City meeting minutes going back at least 10 years show suggestions from the Art Re-Grant and Special Events programs were rarely a source of controversy.
The same can't be said for this year.
Pushback from local organizations and concerns about the committees' procedures threw the programs into the spotlight and under the microscope of City Council.
"We had to tighten things up a bit," said Council President Hal Gershman.
The tightening has earned the council some rancor from residents unhappy with its choices. The pushback has council members reminding residents that not every city has these programs.
"We're very fortunate to have government that supports arts and special events at the level we do," Gershman said.
Since 2001 the Arts Re-Grant Program and Special Events programs have awarded $1.3 million and $1.4 million respectively to local organizations for events and programs.
Money for both programs comes from sales tax and each has a committee that evaluates applications and requests.
Greg Hoover, director of the city's urban development department, said both committees are part of a national trend started in the mid-1970s to encourage residents to become more involved in local government.
In theory, using these committees in Grand Forks allows residents to participate in government and take pressure off the council by making recommendations it can adjust.
"You want public input and this is a great way to do it," said Meredith Richards, the department's community development manager.
The Art Re-Grant and Special Events committees are composed of council representatives and residents with specialties in the program's topic.
For the arts, that means people familiar with art but unaffiliated with local art organizations review funding requests. Completing a similar task on the Special Events Committee are staff from events venues, tourism organizations and other groups.
Both programs became sources of contention this year between the council and residents.
The Art Re-Grant Program allocated money to 16 organizations this year, five of which were groups without an arts-based mission -- a requirement for receiving the money.
Total, the five organizations -- a nursing home, a mental health recovery center, support programs for the disabled and a historical preservation group -- received $12,550 of the available $116,331.
Financial documents provided by the North Valley Arts Council, which administers money on the city's behalf, show over the past 12 years that 11 non-art organizations received funds.
The amount those groups received over that time frame was about $59,000 or 4.5 percent of the total funding dispersed.
Complaints from art groups that did not receive funding this year led the City Council to question how closely the committee followed guidelines.
The council voted in October to uphold the guidelines as is instead of making room for non-arts organizations managing art events or programs. That move resulted in more criticism from residents who thought the money should be available to any art program or event.
"It's very frustrating for those of us who are trying to be good stewards of the taxpayers' money," Council member Dana Sande said.
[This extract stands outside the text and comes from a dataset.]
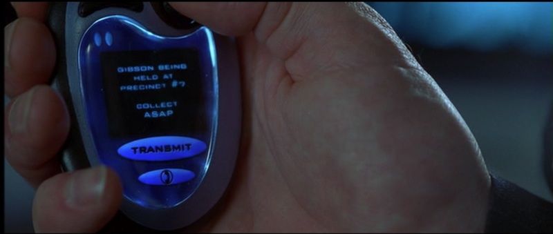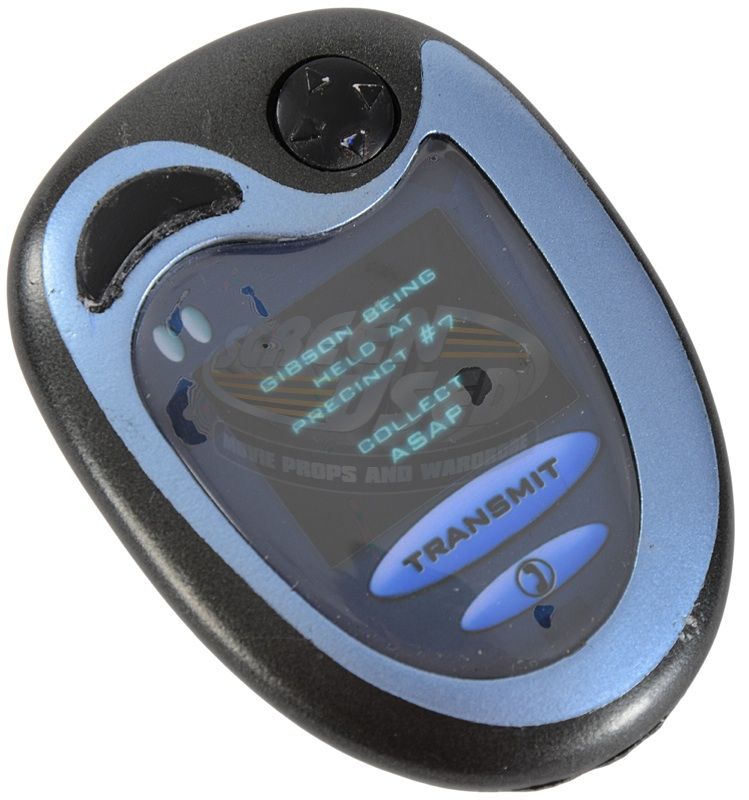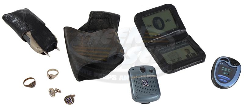 (Columbia Pictures, 2000) These props were acquired by the production for use by Michael Rooker as "Robert Marshall". The set includes a custom made light-up Millennium Security ID (One of the wires on the ID has been cut and has not been tested for functionality), a custom made leather gun holster, a custom made light-up beeper with information on Adam Gibson being held at the police station on the display (this prop still lights up), a prop taser with leather holster, a main control device with Replacement Technologies logo attached to the front, two metal rings, each with the Replacement Technologies logo and a pair of cufflinks, each with the Replacement Technologies logo. Minor wear from use on the props is present.

Special Events recommendations also hit a few bumps at the council level in November.
This time the controversy stemmed from the involvement of one of their own.
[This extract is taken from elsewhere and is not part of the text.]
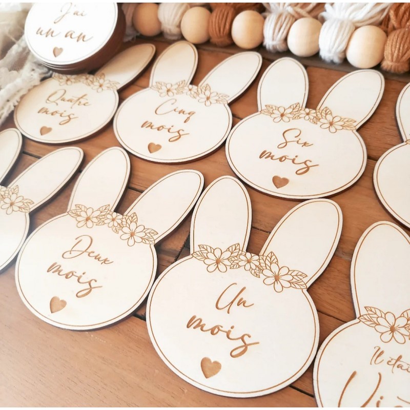 "Capturez chaque moment précieux avec nos adorables cartes étapes en forme de lapin ! Parfaites pour immortaliser les mois de bébé, ces cartes en bois délicatement gravées ajoutent une touche unique et chaleureuse à vos souvenirs. Un cadeau idéal pour les nouveaux parents !"

Council member Tyrone Grandstrand was elected chairman of the program's committee. He also was one of the organizers for an event seeking money from the program, TEDx Grand Forks.
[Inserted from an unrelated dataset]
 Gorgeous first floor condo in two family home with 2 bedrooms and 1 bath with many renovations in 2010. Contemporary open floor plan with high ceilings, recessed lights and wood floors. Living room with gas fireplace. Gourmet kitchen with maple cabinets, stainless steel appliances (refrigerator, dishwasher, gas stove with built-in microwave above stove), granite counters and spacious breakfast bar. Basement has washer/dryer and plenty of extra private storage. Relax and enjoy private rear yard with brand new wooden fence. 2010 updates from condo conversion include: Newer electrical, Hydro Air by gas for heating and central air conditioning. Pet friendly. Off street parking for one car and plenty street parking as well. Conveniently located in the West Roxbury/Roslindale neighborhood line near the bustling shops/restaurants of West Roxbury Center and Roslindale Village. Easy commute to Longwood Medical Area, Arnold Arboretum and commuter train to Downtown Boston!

During discussion, Grandstrand said he stepped down from the chairman position and recused himself from voting. In the end, his involvement pushed the council to not provide funding for TEDx, as the committee recommended, while passing about $109,000 in requests for 33 other events.
"It doesn't look right even if everything is on the up and up," Sande said.
Gershman said the council will likely vote on adding a requirement that prohibits council members from serving on the committee if they are involved with an event seeking money from the program.
Grandstrand welcomes the rule as long as it is recorded in the council's ethics code.
"I think that's a really good idea," he said. "I would have immediately stepped off the committee or handed the reins of TEDx to someone else if we had this somewhere."
The potential limit on council members' involvement on the committee comes on the heels of another rule added recently by the city.
An event's funding eligibility was capped at five years in an effort wean some groups that have relied on the program's money for years.
Three of those events, Celebrate the Night, Art Fest and the Sertoma Club's Fourth of July event, have received more than $140,000 over the past 12 years. Altogether, they represent about 38 percent of the program's total allocations during that time frame.
Despite the negative reactions this year, the council members interviewed for this story say many good events have come out of the programs and that's something they hope to see continue.